Dit gebouw waar ze met enkele volgelingen woonde, was de start van een nieuwe, internationale congregatie van missiezusters, de Kanunnikessen-Missionarissen van Sint-Augustinus. In 1910 werd er op vraag van de Paters van Scheut een eerste missiepost in de Filipijnen opgericht. In 1914 gingen er ook zusters naar de Caraïben, waar vooral de paters redemptoristen gevestigd waren. Tijdens de Eerste Wereldoorlog verzorgden de achtergebleven zusters in Roeselare de gewonden in het lazaret bij de paters redemptoristen. In 1918 telde het noviciaat 136 zusters, verspreid over drie continenten. Toen het huis in Roeselare verwoest werd, vluchtten de zusters naar Dilbeek. Later namen ze hun intrek in een oud klooster te Leuven. Eind 1920 werden er ook zusters naar Belgisch Congo uitgestuurd en in 1923 naar China.

Door de voortdurende groei en belangstelling werd beslist om een beter gelegen centrale zetel aan de Congregatie te geven.

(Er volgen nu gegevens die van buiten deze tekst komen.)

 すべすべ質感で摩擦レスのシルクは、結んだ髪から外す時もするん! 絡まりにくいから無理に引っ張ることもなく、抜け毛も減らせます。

In 1927 werd grond in Heverlee op de wijk ‘De Jacht’ gekocht. Nog hetzelfde jaar werd met de bouw van het Missiehuis gestart. Marie-Louise De Meester overleed voor het Missiehuis afgewerkt werd in 1928. Ze werd in de tuin van het congregatiehuis te Heverlee begraven.

Nadien bewerken

De naam Kanunnikessen van Sint-Augustinus werd in 1963 in Zusters Missionarissen van het Onbevlekt Hart van Maria veranderd, beter gekend als de Zusters Missionarissen van De Jacht.[1] De orde zou overal in de wereld missieposten opbouwen.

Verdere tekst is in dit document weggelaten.